Neste processo, geralmente todos cumprem com o combinado. São raras as situações em que alguém decide romper o acordo. E quando isso acontece, este elemento é fortemente censurado pela comunidade, incluindo a sua própria família. Este processo é mais frequente entre jovens amigos de que entre elementos de uma mesma família. Aliás, a solidariedade entre amigos é bastante mais forte no caso da emigração do que entre familiares, sublinha o presidente da ASSOFITA, Bernardo Gomes. Não é raro encontrar alguém que decide levar um irmão dum amigo em detrimento do seu próprio irmão. Principalmente quando se trata de dois emigrantes. “Eu ti ajudo emigrar e em troca você ajuda o meu irmão ir também”, é uma expressão muito comum entre os manjacos de Tame.

Nos últimos tempos, a utilização de apoios financeiros da Associação tem ajudado desbloquear situações extremos de dificuldade. Por exemplo, quando alguém consegue o visto de entrada e não ter dinheiro suficiente para pagar a viagem, os depósitos exigidos

pelos serviços consulares ou até a compra de passagem recorrem a associação para resolver a situação. Não é raro ajudar pessoas que tenham vindo passar férias e tenham problemas em voltar para os países de residência pedir ajuda a associação.

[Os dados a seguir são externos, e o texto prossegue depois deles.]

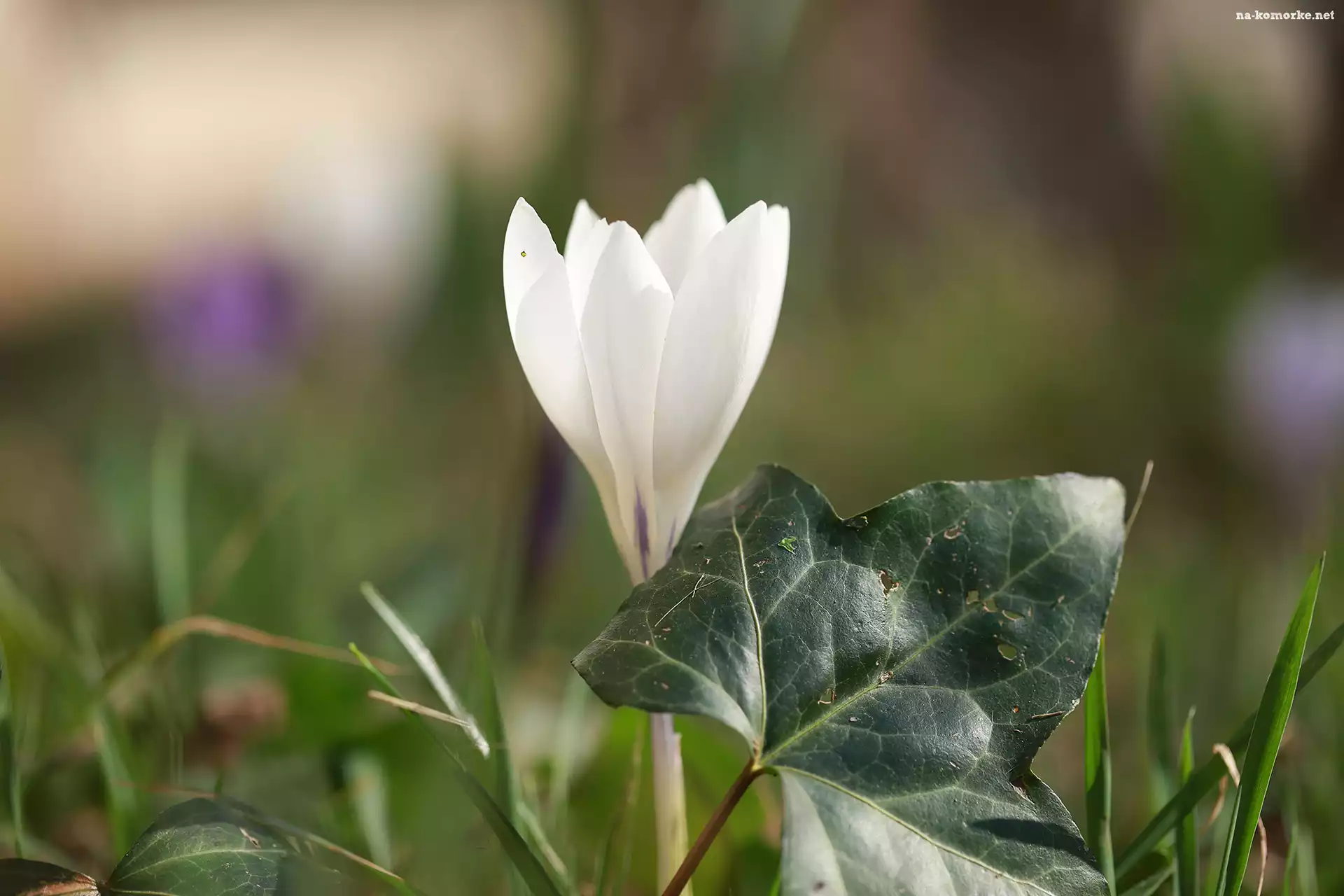 Liść, Kwiat, Biały, Krokus na Komórkę

Perguntado sobre o que é emigrar para os manjacos de Tame? O nosso interlocutor, Bernardo Gomes responde: é alguém que decide abandonar o seu lar à procura de melhores condições de vida para si, a sua família e a sua comunidade (sublinhado nosso).

É notório que a grande maioria das pessoas com quem falámos incluem direta ou indiretamente a comunidade nas suas preocupações, o que testemunha um forte sentimento de pertença e de solidariedade.

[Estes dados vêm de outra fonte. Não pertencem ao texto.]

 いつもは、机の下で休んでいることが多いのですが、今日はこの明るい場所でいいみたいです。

B. Quem geralmente emigra?

A resposta a nossa pergunta foi: “a emigração deixou de ser o que era; apesar de serem os jovens masculinos e solteiros os principais candidatos a emigração, cada vez mais surgem jovens raparigas com projetos próprios de emigração. Muitas delas recorrendo a emigração clandestina e por via marítima”. Aliás, já houve alguns episódios em que a associação, através dos seus núcleos foi chamada a resgatar elementos da comunidade em dificuldade ou que haviam sido presas num determinado país123.

Foi o que aconteceu em setembro de 2011, quando uma rapariga tentou a sua sorte viajando para o Senegal e depois para Mauritânia, onde ficou sem todos os seus haveres, foi presa e mantida em condições desumanas durante um longo período. Quando a associação tomou conhecimento da situação fez as diligências necessárias, tendo mesmo enviado o presidente da associação para resolver o caso. Sendo os custos suportados pelos núcleos de Dakar e Nouakchott. Contudo, mesmo com este apoio, não foi fácil resgatar a jovem.

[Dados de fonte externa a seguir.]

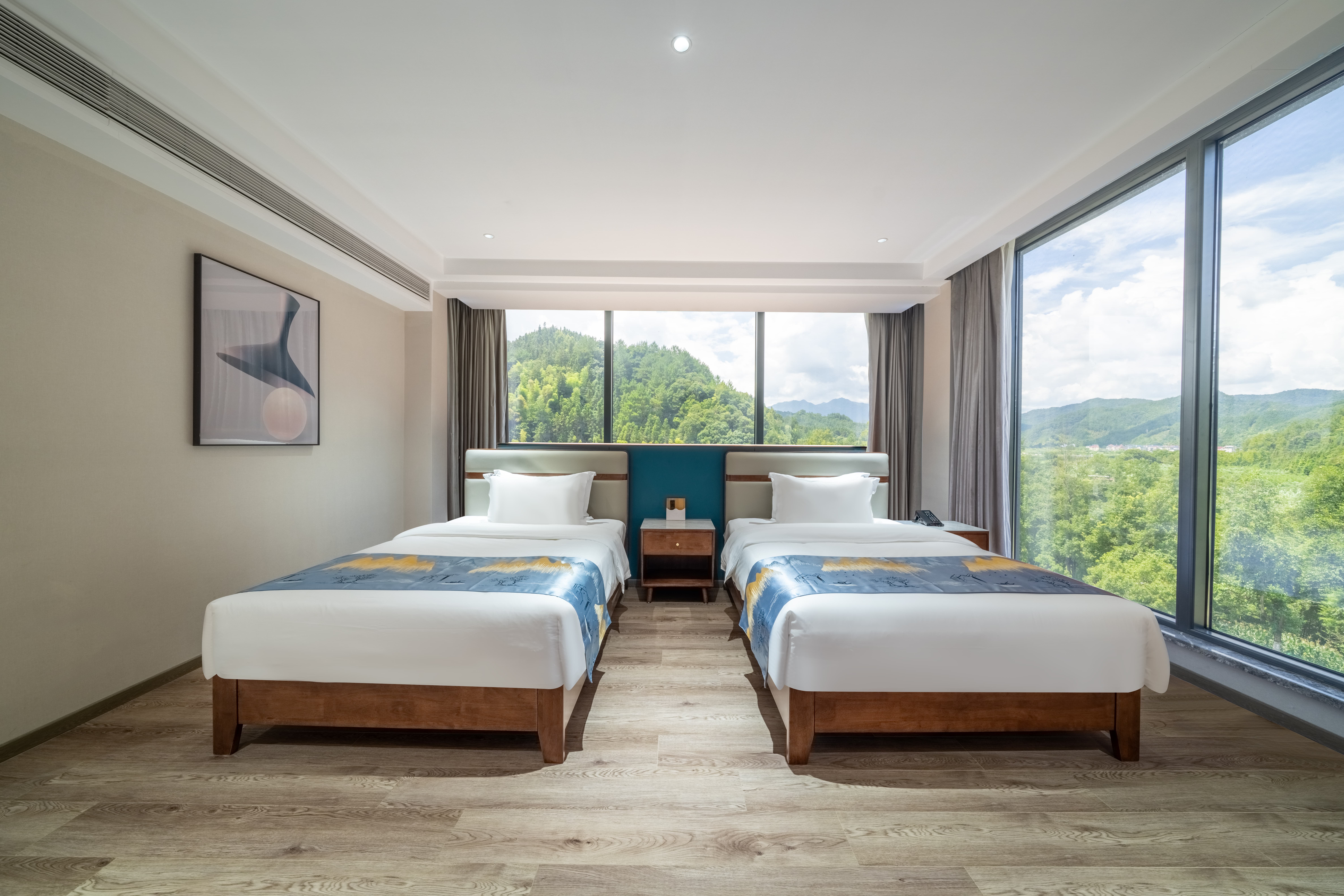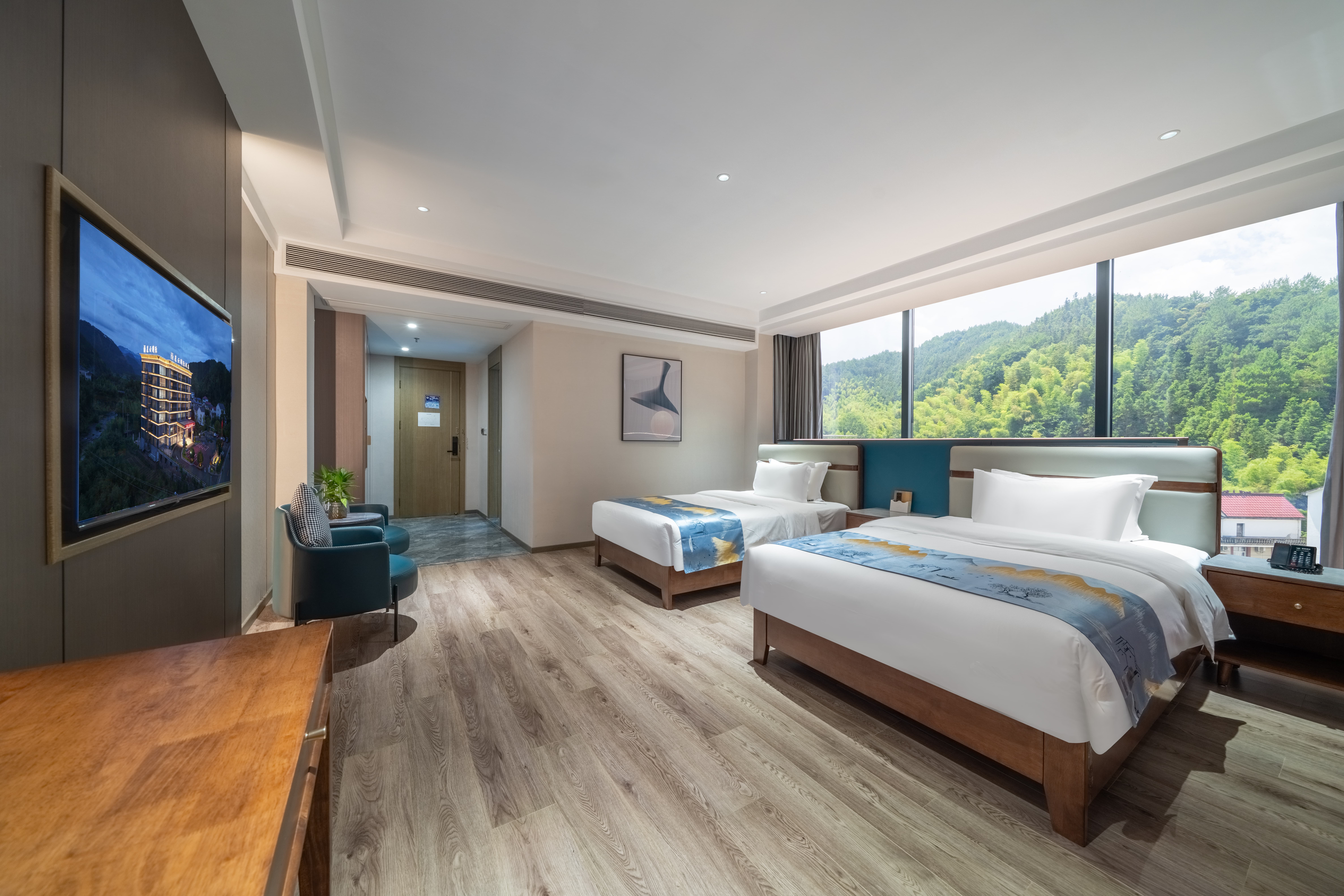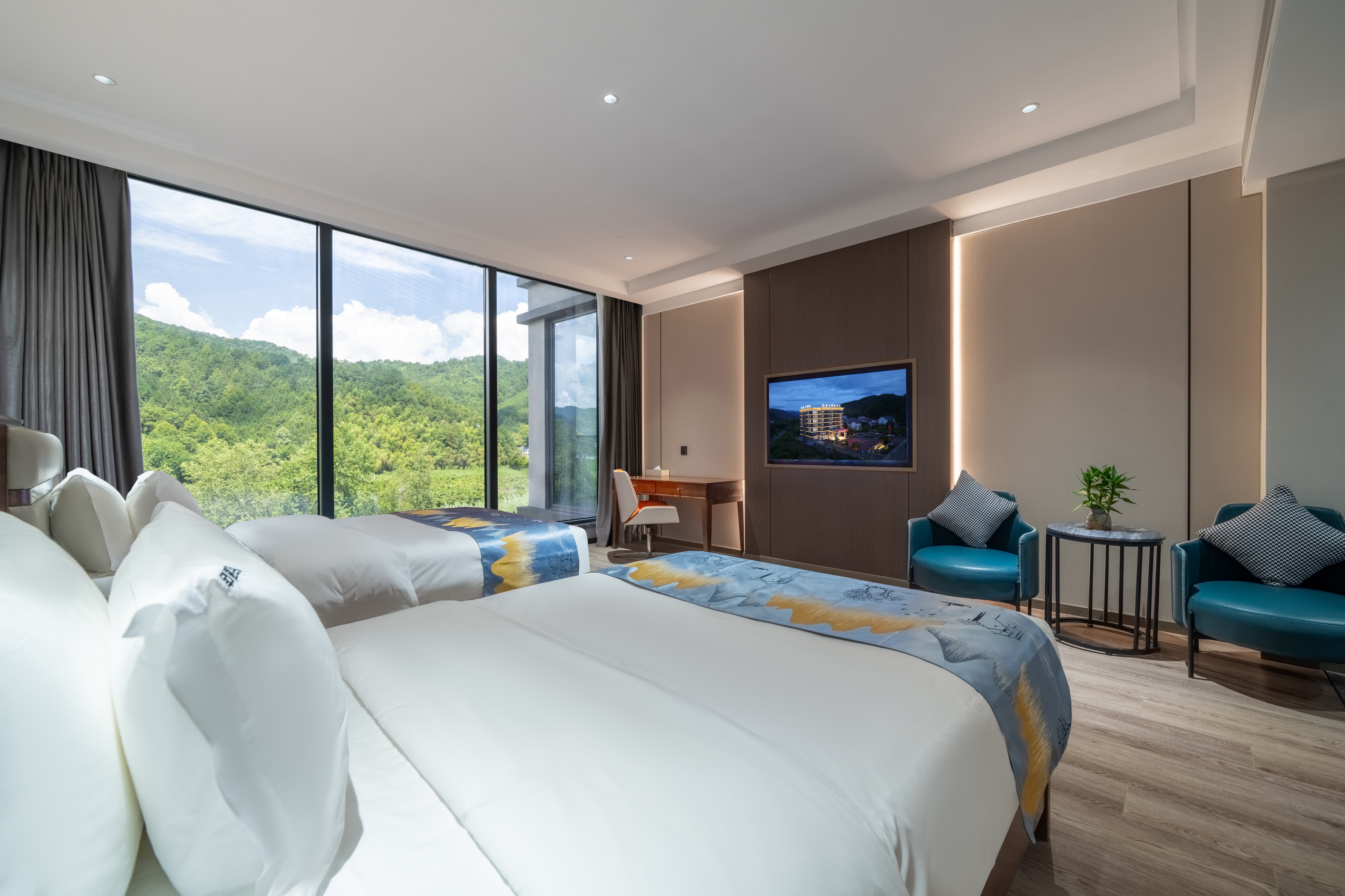豪华双床房(180°无遮挡山景·落地窗·双人椅)

A informação sobre estes casos é bastante difícil não só pela sua complexidade, como pelos meios envolvidos e também pelo fato de a ASSOFITA ter como política a não divulgação de elementos sobre estes casos antes da sua resolução. Primeiro, tratando-se de assuntos que envolvem a emigração clandestina, a sua divulgação acabaria por tornar muito mais difícil a sua resolução. Por outro, publicitar estes casos criaria um pânico acrescido na comunidade.

123 ASSOFITA tem núcleos em Canchungo, Bissau e praticamente em todos os países da emigração Manjaca: Senegal, Gâmbia, Mauritânia, Portugal, Espanha e França.